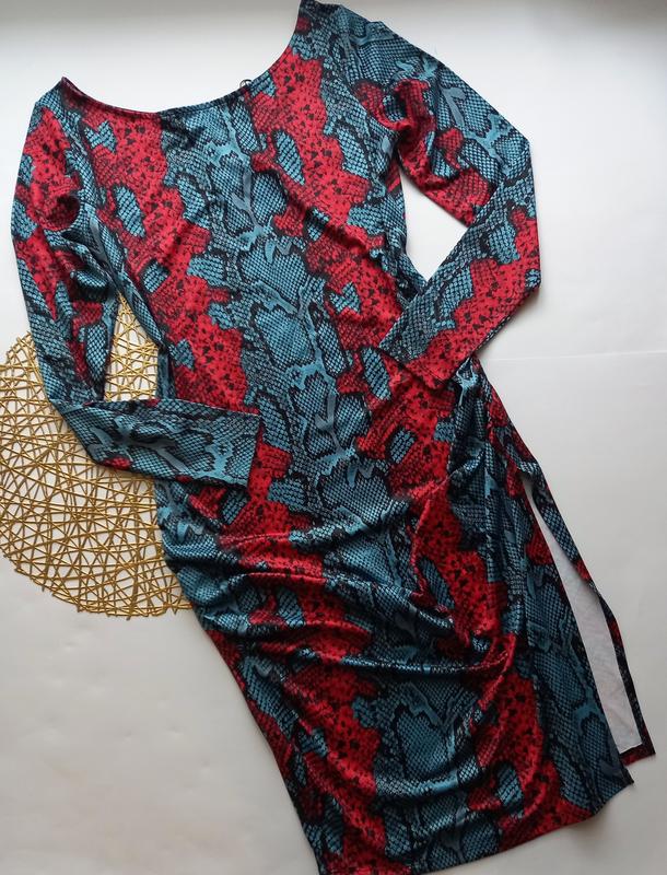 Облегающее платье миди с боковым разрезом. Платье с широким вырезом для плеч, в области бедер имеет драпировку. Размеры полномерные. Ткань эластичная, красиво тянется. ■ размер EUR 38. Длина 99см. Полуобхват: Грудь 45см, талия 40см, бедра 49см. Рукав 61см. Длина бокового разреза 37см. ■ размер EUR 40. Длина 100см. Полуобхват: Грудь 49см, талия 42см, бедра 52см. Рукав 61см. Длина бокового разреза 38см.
-*-*-
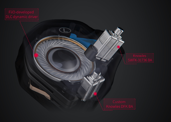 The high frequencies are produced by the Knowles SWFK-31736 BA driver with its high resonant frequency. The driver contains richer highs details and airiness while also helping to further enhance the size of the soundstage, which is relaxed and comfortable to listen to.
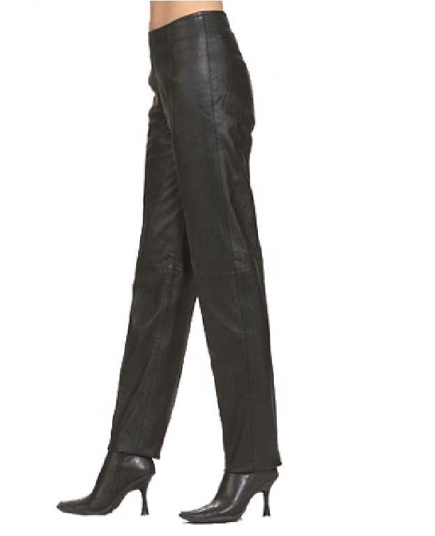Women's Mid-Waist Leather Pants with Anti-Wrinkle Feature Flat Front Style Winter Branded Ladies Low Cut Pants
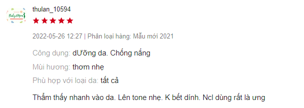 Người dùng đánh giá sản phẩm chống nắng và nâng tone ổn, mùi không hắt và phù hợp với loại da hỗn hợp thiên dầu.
-*-*-
**AIM OF THE EXERCISE**
Skipping the pictures, print the lines in the listing above exactly as written, starting at the line with "Women's Mid-Waist Leather" and ending at the line with "Người dùng đánh", both included.

**WRITTEN ANSWER**
Women's Mid-Waist Leather Pants with Anti-Wrinkle Feature Flat Front Style Winter Branded Ladies Low Cut Pants
 Người dùng đánh giá sản phẩm chống nắng và nâng tone ổn, mùi không hắt và phù hợp với loại da hỗn hợp thiên dầu.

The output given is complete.